The final step is the constant adage - accuracy. How accurate are the responses to the text you are adding? This is usually something we need to eye-ball on the result as it appears. However, in my experiences so far it’s been rather good. As an extension to the accuracy, I am constantly asking whether the process can be shortened to gain the same result. This largely depends on how recent the information you need has been posted and the persona you are trying to create.
Let’s take a look at who I am using for my persona.
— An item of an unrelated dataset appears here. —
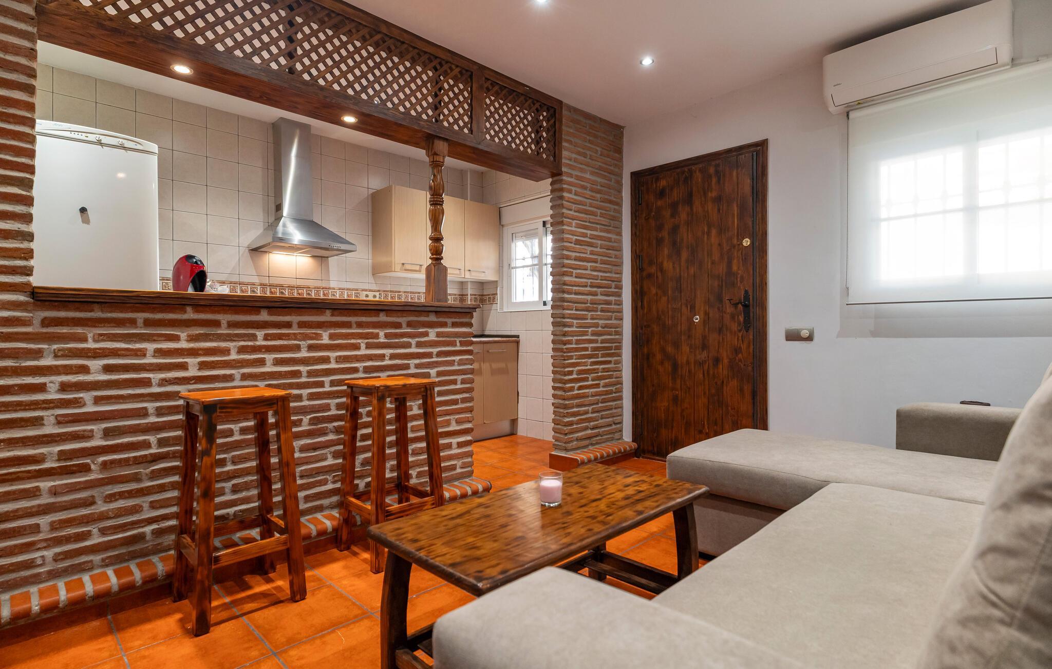 Ihre Unterkunft bietet den idealen Ausgangspunkt für entspannte Urlaubstage an der spanischen Südküste. Genießen Sie die zentrale Lage und das warme Ambiente dieser Wohnung mit rustikalem Stil. Lehnen Sie sich auf dem großen Sofa zurück, schauen Sie Ihre Lieblingsserie oder planen Sie den nächsten Tagesausflug. Die offene Küche mit gemauerter Theke ist nicht nur ein optisches Highlight, sondern auch praktisch ausgestattet. Nehmen Sie Ihre Mahlzeiten direkt an der Theke ein oder lassen Sie den Abend hier bei einem Glas Wein ausklingen.

At our school, we are employing the consultation of Tom Sherrington together with his series ‘Walkthrus’ that guide teachers on classroom management techniques in a small, easily digestible way. The basis of this series is from an educational leader: Barak Rosenshine and his 17 principles of instruction:
Rosenshine’s 17 Principles of Effective Instruction
In a paper published in 2010 by the International Academy of Education (IAE); “Principles of Instruction“, Rosenshine expanded on his original list of 6 ideas. These 17 principles were collected from the 3 areas of research above.
Begin a lesson with a short review of previous learning.
Present new material in small steps with student practice after each step.
Limit the amount of material students receive at one time.
Give clear and detailed instructions and explanations.
Ask a large number of questions and check for understanding.
Provide a high level of active practice for all students.
Guide students as they begin to practice.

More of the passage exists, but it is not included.